I’m in the middle of reading an article in Vanity Fair magazine about the financial trouble Harvard is in, having pretty much blown a very significant part of the $36.9-billion-dollar endowment it had just a year ago, and, being about Harvard, the article brought to mind a question that occurred to me sometime ago while watching William F. Buckley’s closing speech during a debate on the Panama Canal Treaty in 1978.
In it, Buckley says, “We are prepared to desert Taiwan because three-and-a-half Harvard professors think we ought to normalize relations with Red China…”
I’m trying to figure out who these professors were and what Buckley meant by facetiously referring to one of them as half a professor. (I’m guessing one was short of stature, but I guess it could also refer to one not yet tenured.)

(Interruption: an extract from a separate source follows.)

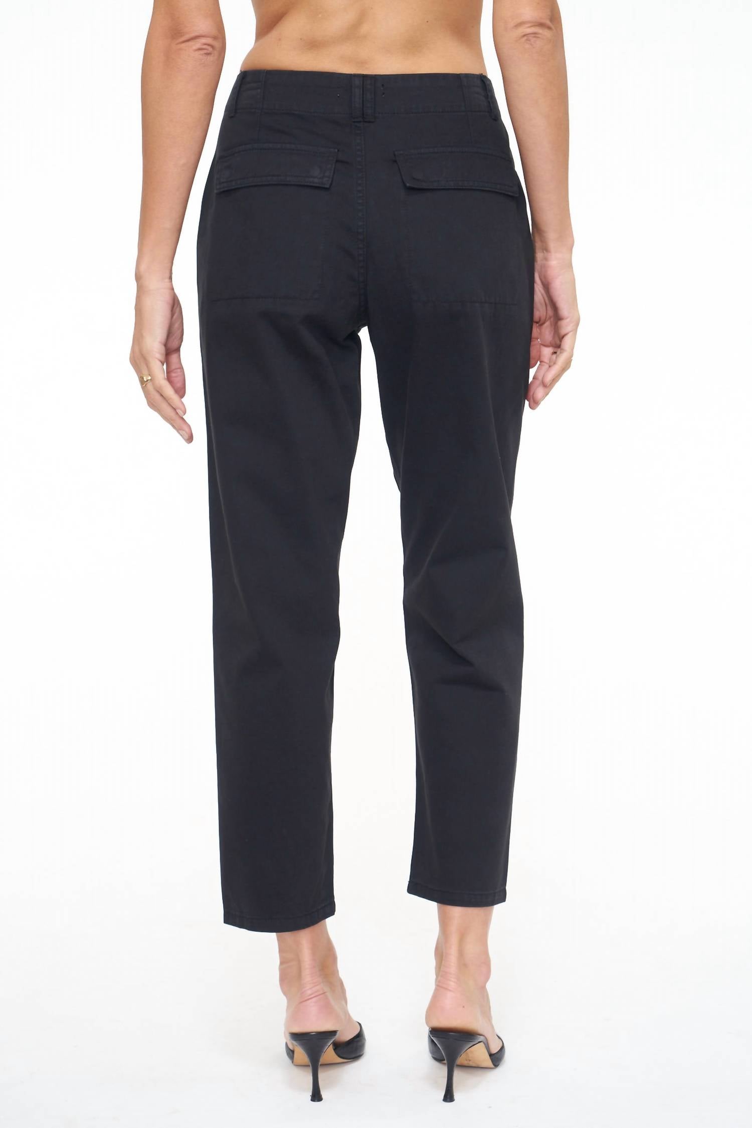Zip fly with hook and bar closure. Side slip pockets. Back flap pockets. Relaxed ankle length, straight leg trouser. 41 cm at the knee narrows to 30 cm at the leg opening. 100% cotton. Made in China. Machine wash.

Does anyone know or have an educated guess as to who these professors were and what their stance was with regard to Taiwan and China?

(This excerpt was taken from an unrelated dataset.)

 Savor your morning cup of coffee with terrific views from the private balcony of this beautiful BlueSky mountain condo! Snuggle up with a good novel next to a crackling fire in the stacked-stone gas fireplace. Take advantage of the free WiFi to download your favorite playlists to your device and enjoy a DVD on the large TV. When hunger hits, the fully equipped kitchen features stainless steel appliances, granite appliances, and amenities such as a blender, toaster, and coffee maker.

P.S. - I would suggest that anyone who enjoys a good speechifier should watch this clip in its entirety. I thought Obama was a pretty good speaker until I happened upon this.
I’d guess that three of them were “full” professors, and one was not a “full” professor, though he could well have been tenured.

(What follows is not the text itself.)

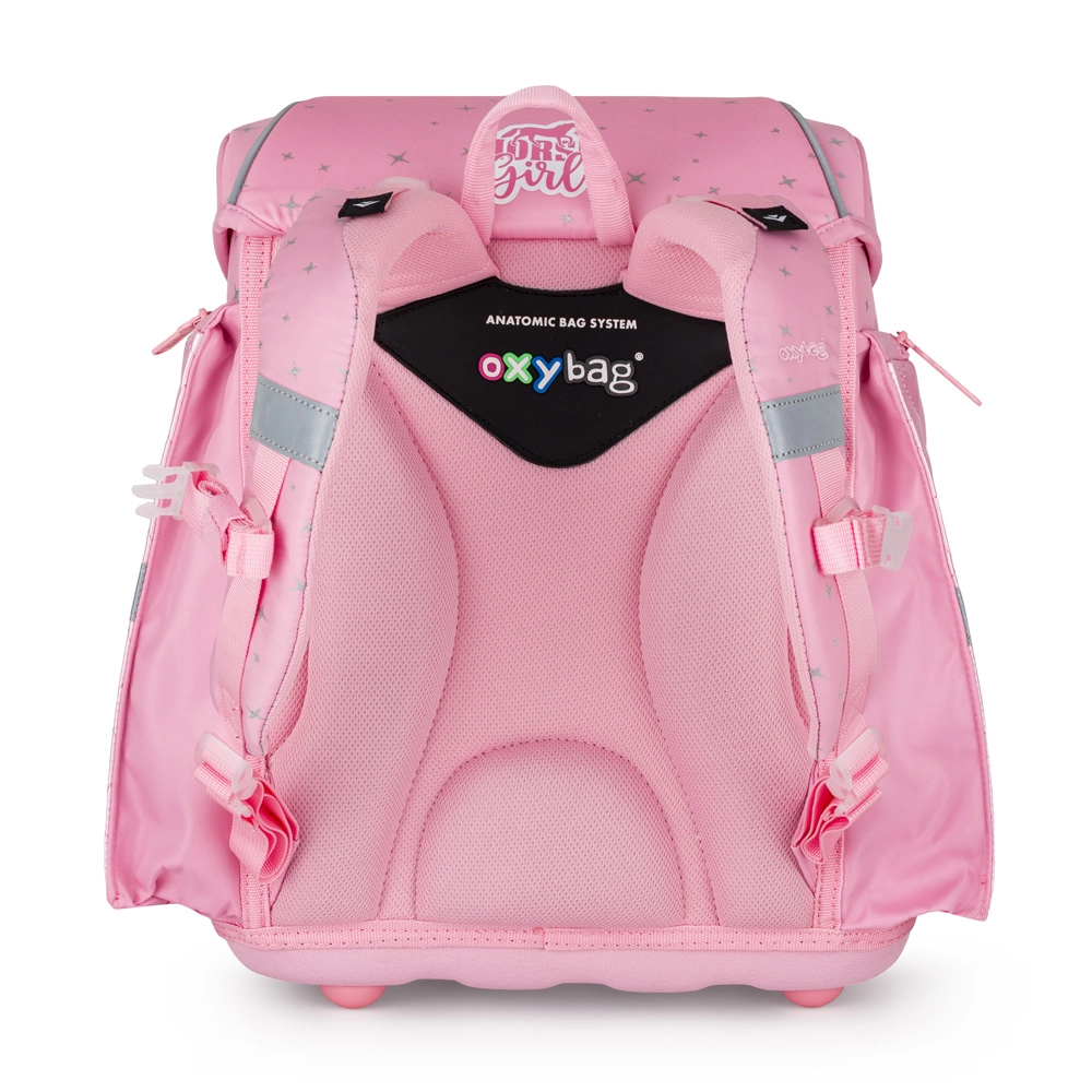Školský set PREMIUM LIGHT – Horse Girl zaujme pôvabným romantickým dizajnom v ružových tónoch a motívom bieleho koňa. Hlavná aktovka ponúka ergonomicky tvarovaný chrbát z priedušného materiálu, široké polstrované popruhy s hrudným aj prítlačnými popruhmi pre perfektné usadenie a rovnomerné rozloženie záťaže. Vďaka odľahčenej konštrukcii je ideálna pre najmladšie školáčky od výšky cca 121 cm.

As a full professor, I often joke about what it is, exactly, I’m full of. It’s a peculiar expression, and one we’re not encouraged to use, but an Associate Professor and an Assistant Professors are correctly referred to as “Professor,” so sometimes we need a verbal way to pull rank, which we will pompously do by distinguishing ourselves as “full” (or just-plain) Professors.
There’s always the possibility of him employing a rhetorical device.
The translation would be “I believe a small number of liberal academics have an undue influence over the Carter administration”. It sounds a lot better Buckley’s way.
Your comment is interesting also, samclem, because Buckley was good friends with, at least, Galbraith and Kissinger. Perhaps his comment was in the way of a good-natured gibe at his buddies.